What is Medicare and the MSP?
Medicare is a federal health insurance program. Medicare entitlement comes 2 years after the date of disability under Social Security’s definition. Medicare coverage, unlike Medicaid, is available without regard to the client’s finances.
If a client is covered by Medicare, you must worry about the Medicare Secondary Payer (MSP) statute. The MSP is a series of statutory provisions enacted during the 1980s as part of the Omnibus Reconciliation Act with the goal of reducing federal health care costs. The MSP provides that if a primary payer exists, Medicare only pays for medical treatment relating to an injury to the extent that the primary payer does not pay.

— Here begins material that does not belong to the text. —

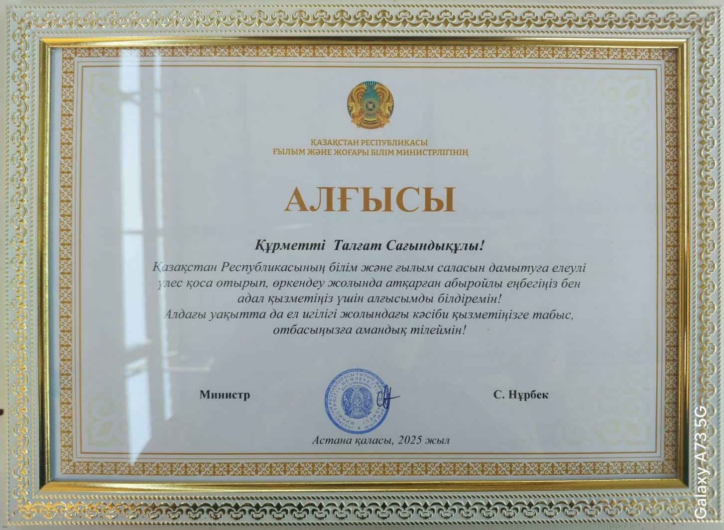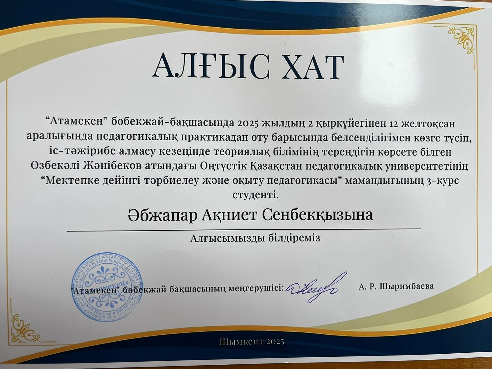 Letter of gratitude Kuzhagulova G.

CFR Title 42, Part 411, Subpart B, Section 411.20 (2) provides “[s]ection 1862(b)(2)(A)(ii) of the Act precludes Medicare payments for services to the extent that payment has been made or can reasonably be expected to be made promptly under any of the following” (i) Workers’ compensation; (ii) Liability insurance; (iii) No-fault insurance.
There are two issues that the MSP deals with: (1) Medicare payments made prior to the date of settlement and (2) future Medicare payments for covered services. Enforcement of the MSP as it pertains to future Medicare covered services began back in 2001 when the Centers for Medicare and Medicaid announced in a memorandum the requirement to set aside a portion of Workers’ Compensation settlements allocated to future Medicare covered expenses. This memo was the genesis of a whole new industry – Medicare Set-Aside professionals who do allocation and administration of Medicare Set Asides. Recently, there have been some developments that indicate that the MSP may be enforced to a greater extent in liability settlements in regard to future Medicare covered expenses.